Working from Home as an Independent Contract Proofreader: Time & Money
In my previous post I covered considerations and qualifications for working from home as an independent contract proofreader. I think it’s safe to say that the majority of adults who live in Western societies hold a job with regular hours and some degree of financial security. Whether they earn a salary or an hourly wage, they go to work in the same place and receive a certain, predetermined income. Others, however, find themselves in circumstances where keeping a regular schedule is difficult, if not impossible. Some are parents of young children or caregivers for elderly relatives; others need to consider their partner’s job, especially if he or she works a shift at odd hours. Still others, like me, have physical limitations.

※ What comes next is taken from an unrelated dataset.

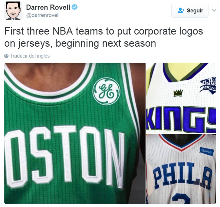 Darren Rovell, conocido reportero especializado en NBA de la cadena ESPN, hizo público recientemente en twitter los tres primeros equipos que sustituirán en sus uniformes el logo de la franquicia por un emblema publicitario, curiosamente son tres franquicias que han mantenido su seña de identidad de forma prolongada en el tiempo: Celtics, Sixers y Sacramento.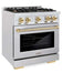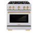 ZLINE 30" Select Dual Fuel Range Gas Cooktop Electric Convection Oven DuraSnow® Stainless Steel Gold HDRSZ-30-G

Luckily, my only “disorder” is a condition known as biphasic sleeping. Some people sleep in segments voluntarily, believing that it makes them more productive; I, however, fall into the “natural” brain state category. If you put me in an experimental chamber with no clocks or stimuli, I would be alert for two eight-hour periods split by 6.75 hours of sleep at night and 1.25 hours in the afternoon. Since sliding past my eight-hour wakefulness limit triggers a migraine, that’s how I organize my day.
Early on I decided to delay employment by prolonging my education because the Evanston Fire Department had to carry me, fast asleep, out of the dorm. (My freshman roommate at Northwestern ignited a blaze by draping her field hockey uniform over an oil heater.) My quirky body clock is also my main justification for eventually becoming an independent contractor . . . and choosing to live in Mexico, where a siesta is still part of the culture. You can’t be a champion napper and easily hold down a 9-5 job.
Not everyone requires such a flexible schedule, but if setting your own hours appeals to you, I suggest applying to a company like ProofreadingPal if you meet the basic educational and/or professional experience requirements. A successful candidate should also have the ability to work independently and meet deadlines as well as possess exceptional time-management and Google search skills.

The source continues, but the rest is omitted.